Publisher: ACM Books
Length: 406 pages
Code Nation: Personal Computing and the Learn to Program Movement in America
A new history of computer programming and the rise of PC user communities.
Code Nation explores the rise of software development as a social, cultural, and technical phenomenon in American history. Click here to read the first chapter. The text offers a new history of personal computing that emphasizes the technical and business challenges that software developers faced when building applications for CP/M, MS-DOS, UNIX, Microsoft Windows, the Apple Macintosh, and other emerging platforms. Halvorson presents a popular history of computing that explores the experiences of novice computer users, tinkerers, hackers, and power users, as well as the ideals and aspirations of leading computer scientists, engineers, educators, and entrepreneurs.

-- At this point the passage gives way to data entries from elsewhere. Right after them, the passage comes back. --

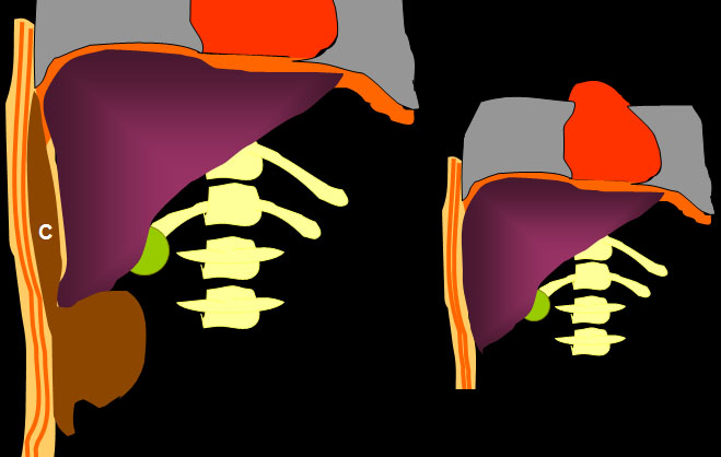 Desplazamiento medial del borde lateral del hígado en la radiografía simple de abdomen por colección intraperitoneal (aunque también se ha descrito en colecciones extraperitoneales).hellmerEsquema que muestra el hígado y algunas estructuras de vecindad. A la izquierda puede verse una colección (C) que se introduce entre el peritoneo y el borde lateral del hígado, al que desplaza medialmente. A la derecha, el esquema anatómico sin colección muestra el borde hepático no desplazado, delimitado por la grasa del flanco.
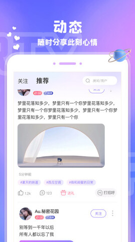 1.动态广场:随时随地分享心情和动态,丰富生活,帮助你结识有趣的灵魂;
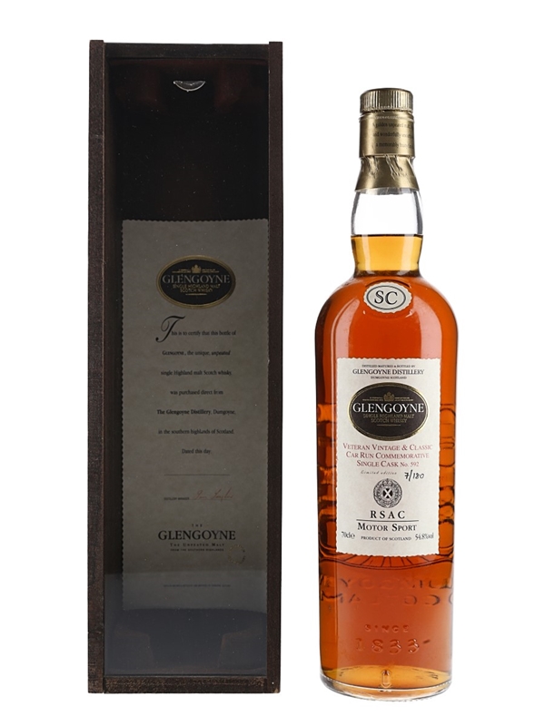 A bottle of Glengoyne RSAC Motor Sport Highland Single Malt Scotch Whisky, matured in a single cask number 592 for the Veteran Vintage & Classic Car Run. This is bottle number 7 of 180.

Code Nation includes a “behind-the-scenes” look at application and operating-system programming practices, the diversity of historic computer languages, the rise of user communities, and early attempts to market PC software. The histories of Apple, Microsoft, and IBM are here, as well as the social movements that shaped personal computing and computer literacy debates in the 1970s, 80s, and 90s. Code samples and over 80 historic photographs support the text.
Michael Halvorson, Ph.D., is an American technology writer and historian. He was employed at Microsoft Corporation from 1985 to 1993, where he worked as a technical editor, acquisitions editor, and localization project manager. He is currently Benson Chair of Business and Economic History at Pacific Lutheran University, where he teaches the history of business and computing and directs the university's Innovation Studies program.
“Code Nation will be widely attractive to anyone who has wondered where personal computing came from.”
“This book shines a bright light on topics that have not yet received enough attention by historians, such as the writing of applications programs, operating-systems programming, and the marketing of software—not only through splashy media events but also via coordinated publishing programs in computer books and magazines.”